**REQUIRED ACTION**
While you copy the lines below, skip the pictures and keep the rest exact.

**DATA UNDER STUDY**
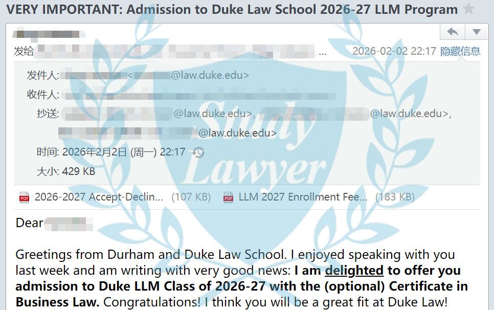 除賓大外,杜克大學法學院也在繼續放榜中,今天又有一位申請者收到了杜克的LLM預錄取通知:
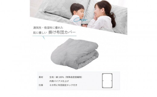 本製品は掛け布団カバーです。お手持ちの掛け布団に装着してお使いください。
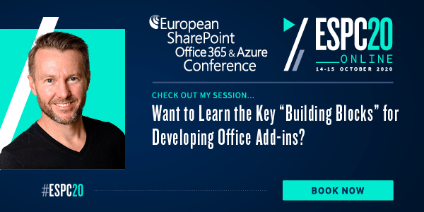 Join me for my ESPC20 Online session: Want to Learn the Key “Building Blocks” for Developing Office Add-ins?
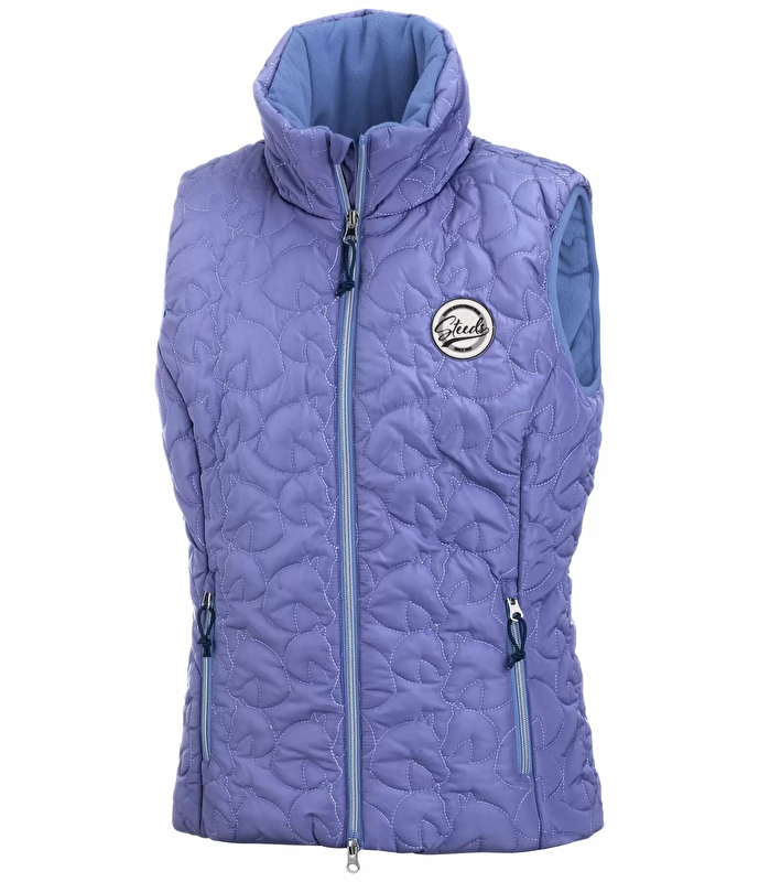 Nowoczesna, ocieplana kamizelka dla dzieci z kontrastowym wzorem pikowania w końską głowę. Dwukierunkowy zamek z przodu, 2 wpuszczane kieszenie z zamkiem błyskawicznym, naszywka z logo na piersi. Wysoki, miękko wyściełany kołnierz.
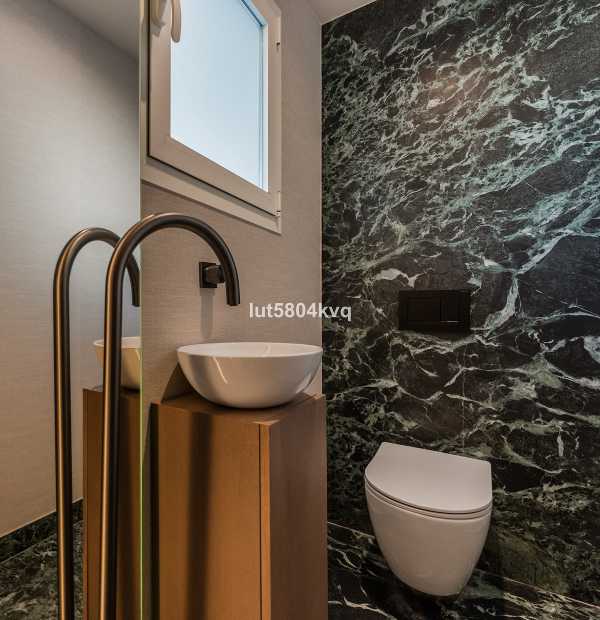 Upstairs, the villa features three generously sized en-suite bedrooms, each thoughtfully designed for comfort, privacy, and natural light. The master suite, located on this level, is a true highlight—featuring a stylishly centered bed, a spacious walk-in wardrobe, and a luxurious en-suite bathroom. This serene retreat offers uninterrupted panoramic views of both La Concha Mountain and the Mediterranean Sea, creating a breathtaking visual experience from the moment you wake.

**RESPONSE TO THIS EXERCISE**
 除賓大外,杜克大學法學院也在繼續放榜中,今天又有一位申請者收到了杜克的LLM預錄取通知:
 本製品は掛け布団カバーです。お手持ちの掛け布団に装着してお使いください。
 Join me for my ESPC20 Online session: Want to Learn the Key “Building Blocks” for Developing Office Add-ins?
 Nowoczesna, ocieplana kamizelka dla dzieci z kontrastowym wzorem pikowania w końską głowę. Dwukierunkowy zamek z przodu, 2 wpuszczane kieszenie z zamkiem błyskawicznym, naszywka z logo na piersi. Wysoki, miękko wyściełany kołnierz.
 Upstairs, the villa features three generously sized en-suite bedrooms, each thoughtfully designed for comfort, privacy, and natural light. The master suite, located on this level, is a true highlight—featuring a stylishly centered bed, a spacious walk-in wardrobe, and a luxurious en-suite bathroom. This serene retreat offers uninterrupted panoramic views of both La Concha Mountain and the Mediterranean Sea, creating a breathtaking visual experience from the moment you wake.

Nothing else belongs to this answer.